Having said that, in practice many people still do a simple train/test split and use cross-validation (from episode #13) in stead of a dedicated validation set. Cross-validation gives you K different train/validation splits from the same data, which is more data-efficient. Both approaches work. The three-way split is conceptually cleaner; cross-validation is more practical when data is scarce. The point is the same either way: never use the test set to make decisions.

Data leakage: the cardinal sin

Data leakage happens when information from the test set bleeds into the training process. It makes your model look dramatically better than it actually is. You get excited. You deploy it. It fails. And then you spend three days figuring out why your "95% accurate" model performs at 60% in production.

I hammered on this in episode #11 with the StandardScaler -- fit on train only, transform both. And again in episode #13 when we discussed how cross-validation must scale features independently inside each fold. But leakage is so common and so destructive that it deserves its own section here, with the most common traps laid out explicitly.

Trap 1: scaling before splitting

# WRONG: scaling before splitting
# The scaler sees test data statistics (mean, std include test samples)
X_all_scaled = (X - X.mean(axis=0)) / X.std(axis=0)  # uses ALL data
X_train_leaked = X_all_scaled[:800]
X_test_leaked = X_all_scaled[800:]

# RIGHT: scale after splitting, fit on train only
X_train_raw, X_test_raw = X[:800], X[800:]
mean = X_train_raw.mean(axis=0)
std = X_train_raw.std(axis=0)
std[std == 0] = 1
X_train_clean = (X_train_raw - mean) / std
X_test_clean = (X_test_raw - mean) / std  # same mean/std from train!

print("Leakage check:")
print(f"  Leaked train mean: {X_train_leaked.mean(axis=0)[:3].round(4)}")
print(f"  Clean train mean:  {X_train_clean.mean(axis=0)[:3].round(4)}")
print(f"  Clean TEST mean:   {X_test_clean.mean(axis=0)[:3].round(4)}")
print(f"  (Test mean should NOT be zero -- and it isn't!)")

Notice the difference. In the "leaked" version, the training data has near-zero mean because the scaler was fit on ALL data including the test portion. In the "clean" version, the training data has exactly zero mean (because we fit on it), and the test data has a non-zero mean (because we applied the training statistics). That non-zero test mean is correct -- it reflects that the test data might have a slightly different distribution, which is exactly what happens in the real world.

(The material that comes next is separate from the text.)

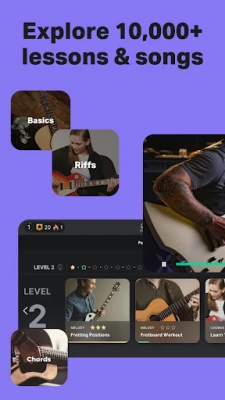 - Get over 10,000 lessons, exercises and songs by artists you love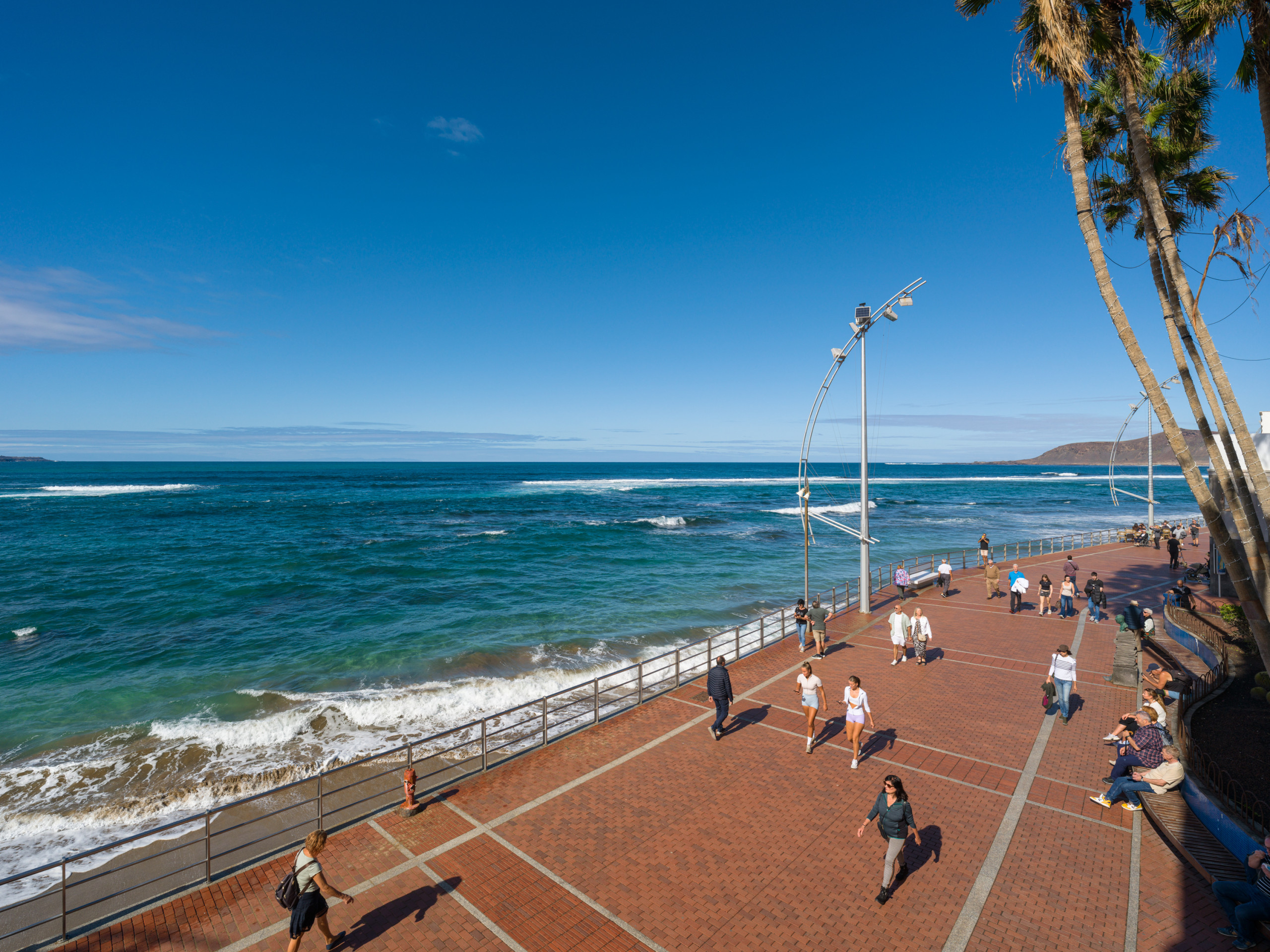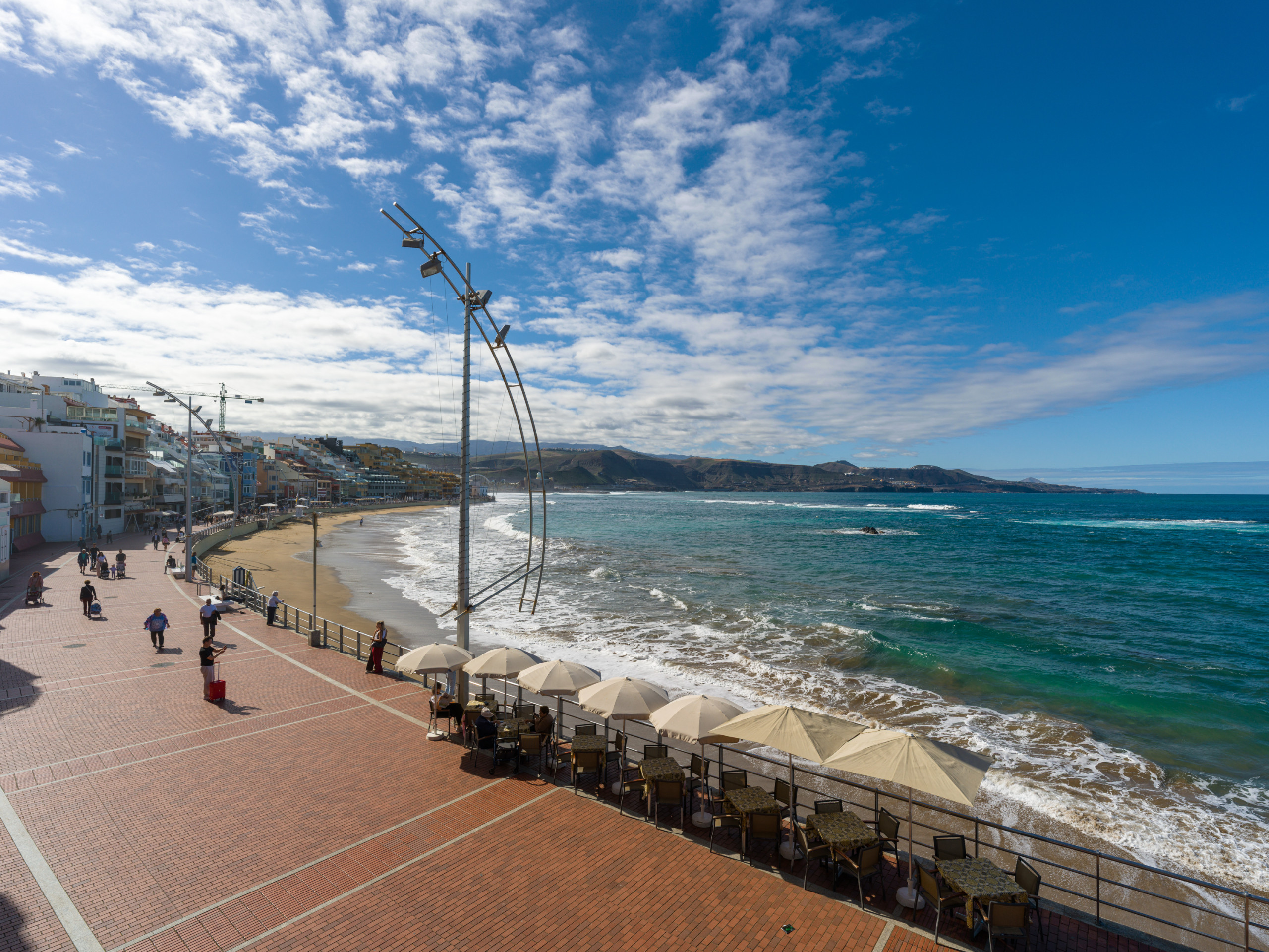 Le recomendamos el largo paseo que serpentea continuo a la arena, sorteando cafés y heladerías. Al inicio del paseo encontrará las terrazas de La Puntilla y los restaurantes de pescado fresco. En el otro extremo de la playa, el ambiente surfero alrededor del Auditorio Alfredo Kraus, con más terrazas y cafés frente al mar.

Trap 2: imputing missing values before splitting

Same problem, different disguise. If you fill in missing values using statistics computed from the entire dataset, the imputed values in the training set contain information from the test set. We'll build proper imputation in the next section -- but the rule is the same as scaling: fit on train, apply to both.

Trap 3: time-series data split randomly

This one is sneaky and I see it constantly in beginner projects. If your data has a time component -- stock prices, weather measurements, sensor readings, user activity over months -- you can NOT split it randomly. A random split puts future observations in the training set and past observations in the test set. The model literally trains on the future to predict the past. Of course it performs well -- it's cheating.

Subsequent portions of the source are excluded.